Writing in the Journal of the American College of Cardiology, the researchers said they have started a long-term study of 2,744 people with a median age of 45.
They used magnetic resonance imaging and electron beam computed tomography scans to look for early signs of clogged arteries and found a direct relationship between waist size and early indications of heart disease, regardless of the patients' overall weight.

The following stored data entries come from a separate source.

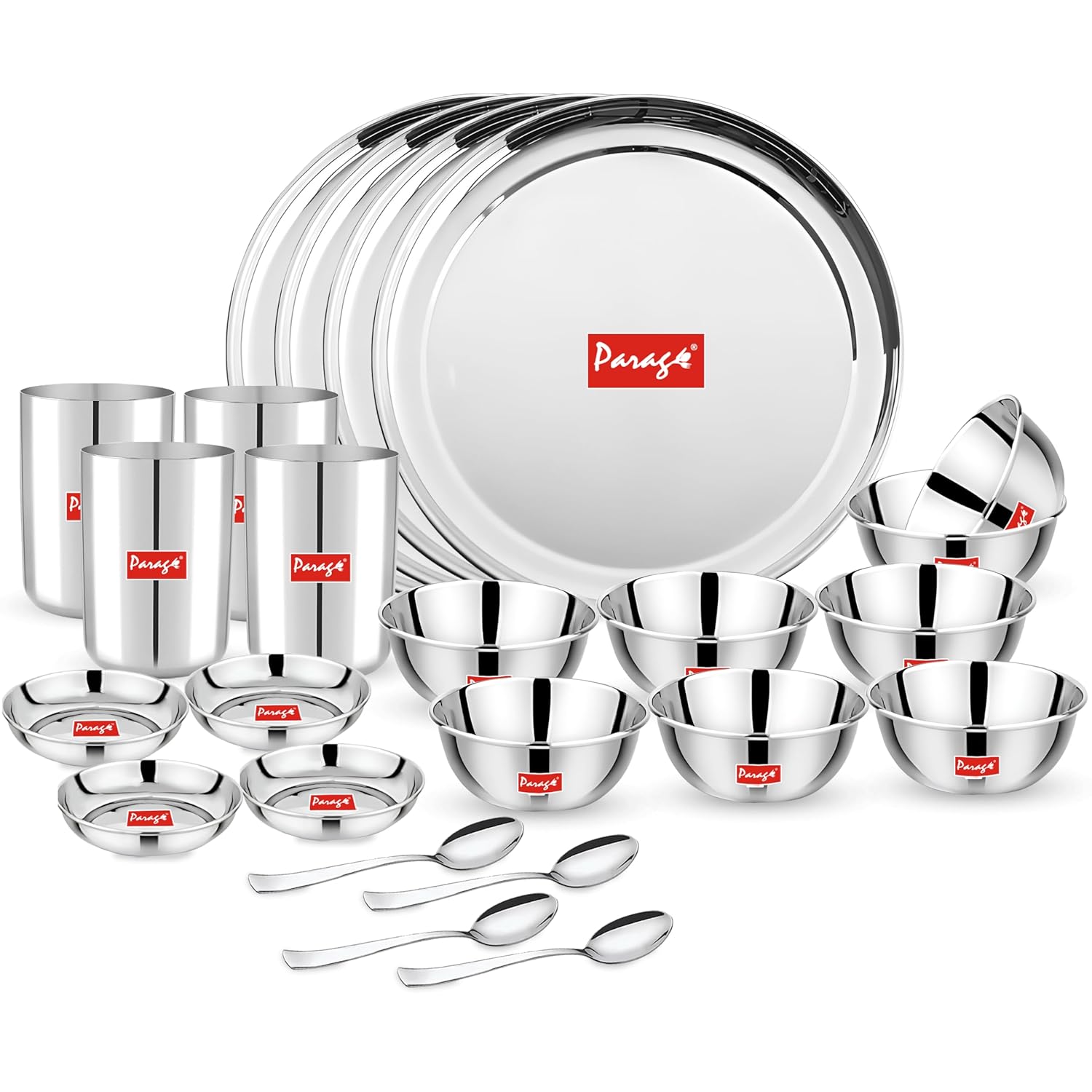 This 24-piece stainless steel dinner set includes plates, bowls, and glasses, all crafted in durable silver-finish stainless steel. Designed for both everyday use and special occasions, it offers a complete tableware solution that balances style with practicality. The stainless steel construction ensures long-lasting resistance to rust and corrosion, making it easy to clean and maintain. Ideal for households seeking a sleek, sturdy, and hygienic dining experience with timeless appeal.
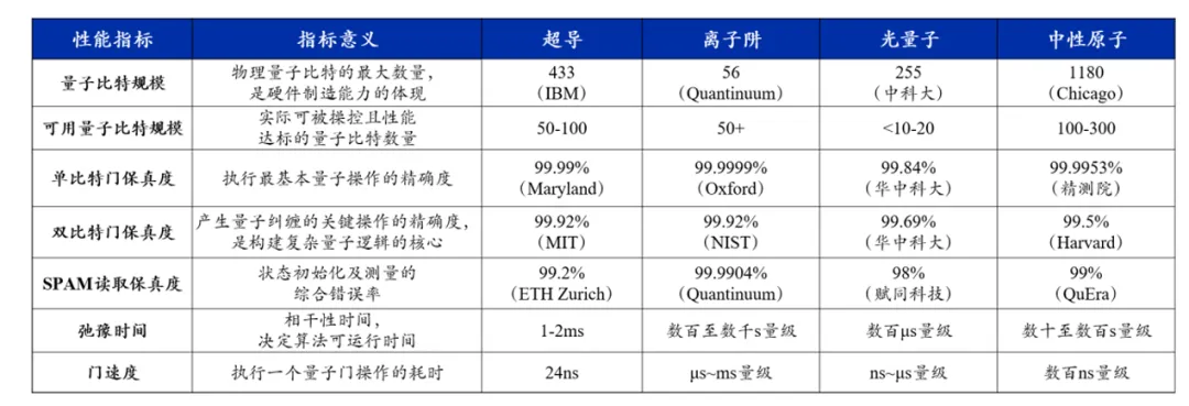 为更直观、定量地比较各技术路线的性能表现,下表汇总了其在量子比特规模、门保真度、相干时间及门速度等关键指标上的典型数据指标与当前进展:
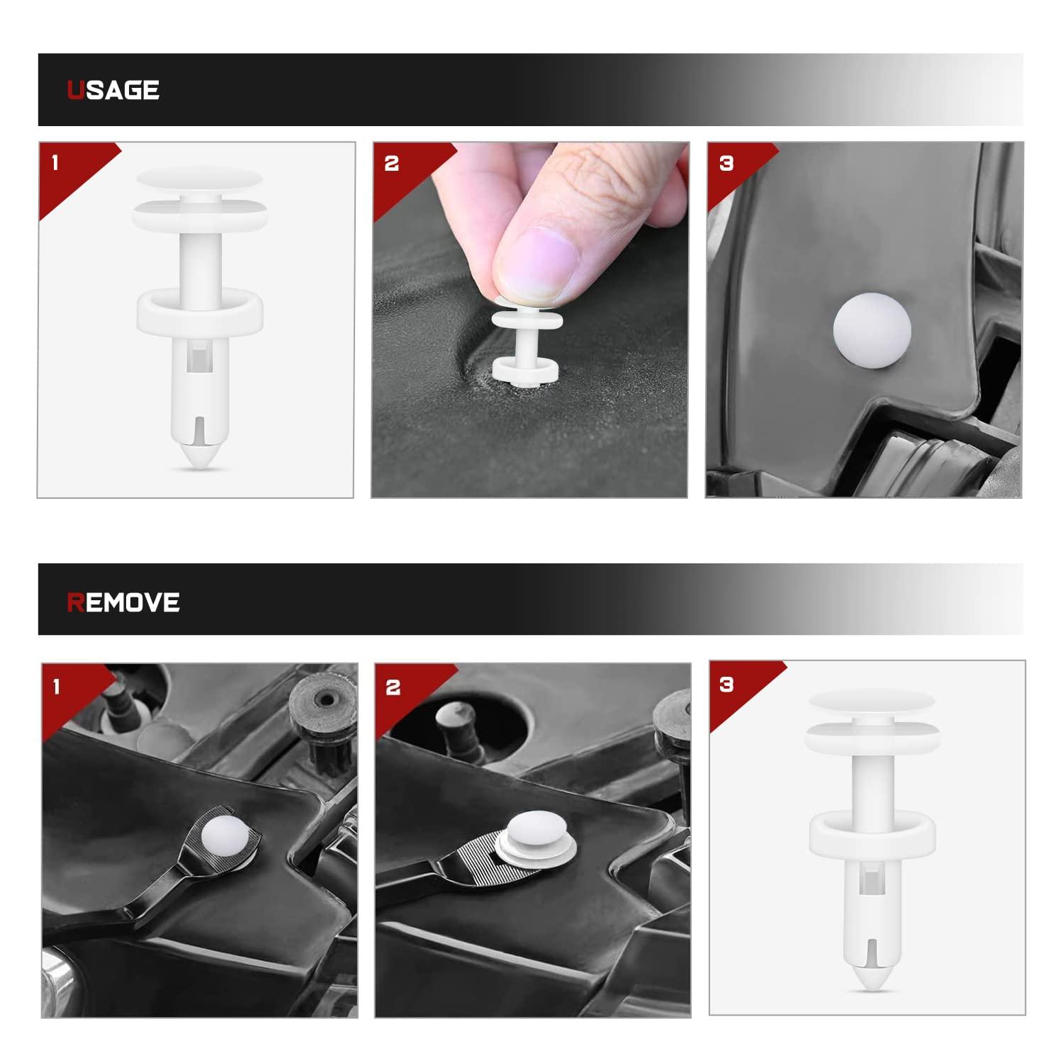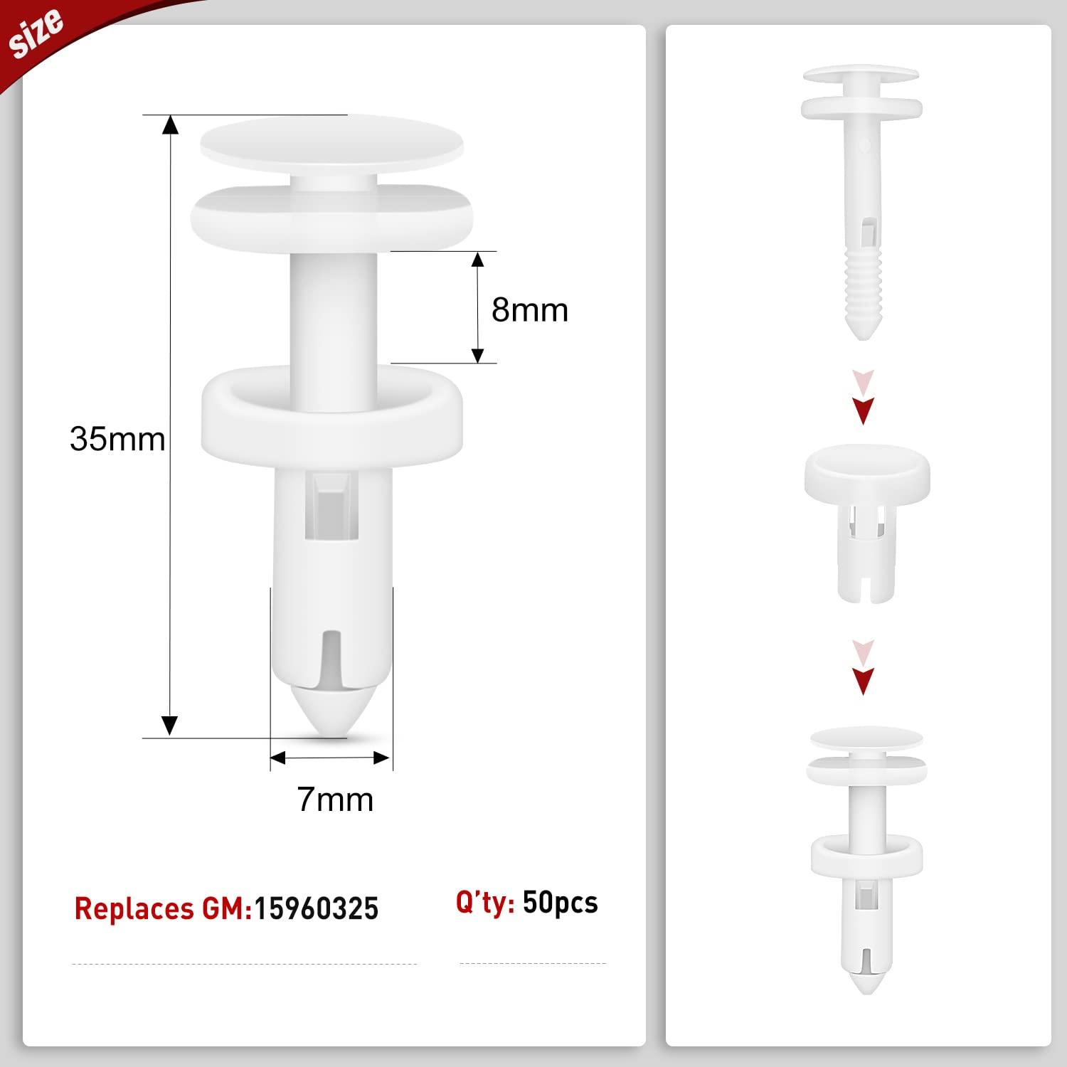 Package Includes: 30 x 6mm Bumper Clips Head Diameter: 15mm Stem Length: 11mm Fits: 6mm hole 30 x 7mm Push Retainer Clips Head Diameter: 18.65mm Stem Length: 22mm Fits: 7mm hole 50 x 8mm Fastener Rivet Clips Head Diameter: 20mm Stem Length: 22mm Fits: 8mm hole 30 x 8mm Push type Clips Head Diameter: 20mm Stem Length: 9mm Fits: 8mm hole 30 x 9mm Push-Type Automotive Clips Head Diameter: 18.3mm Stem Length: 28mm Fits: 9mm hole 30 x 10mm Nylon Bumper Clips Head Diameter: 20mm Stem Length: 13mm Fits: 10mm hole Suitable Car Model Reference: Replaces GM: 21030249; Ford: N807389S; Chrysler: 6503598 Replaces Toyota: 52161-16010, 52161-02020 Replaces Honda & Acura : 91503-SZ3-003 Replaces Honda: 90683-SA5-003 Replaces GM: 1595864, 1605396; Chrysler: 6030441; Ford: 388577S, W705589-S300 Replaces Nissan: 01553-09321

"It's a straight-line relationship all the way down to the lowest levels," de Lemos said.
"This isn't the kind of thing that is only relevant if you are one of the obese people."
Several studies have shown waist size is clearly linked with heart attack, stroke and heart disease risk. U.S. government guidelines now say men should aim to have a waist 40 inches in circumference or less -- 35 inches for a woman.
The Dallas researchers found no absolute cutoff. They simply found that the smaller a person's waist, the clearer his or her arteries were observed to be.
"Our study was the first really large study to dig in the preclinical stage. So we are looking at people who haven't yet had a heart attack or stoke, and people at earlier ages," de Lemos said.
After accounting for high cholesterol, high blood pressure and other known heart factors, the researchers found that weight alone did not predict a person's chances of having early artery clogging.
Waist size, however, did.
"As a young adult, you have got to make some serious lifelong choices about maintaining your body shape," de Lemos said. "You have to fight, every day, this middle age creep in terms of belt size. Food is plentiful, it's cheap and it is high caloric and most of us work sedentary jobs."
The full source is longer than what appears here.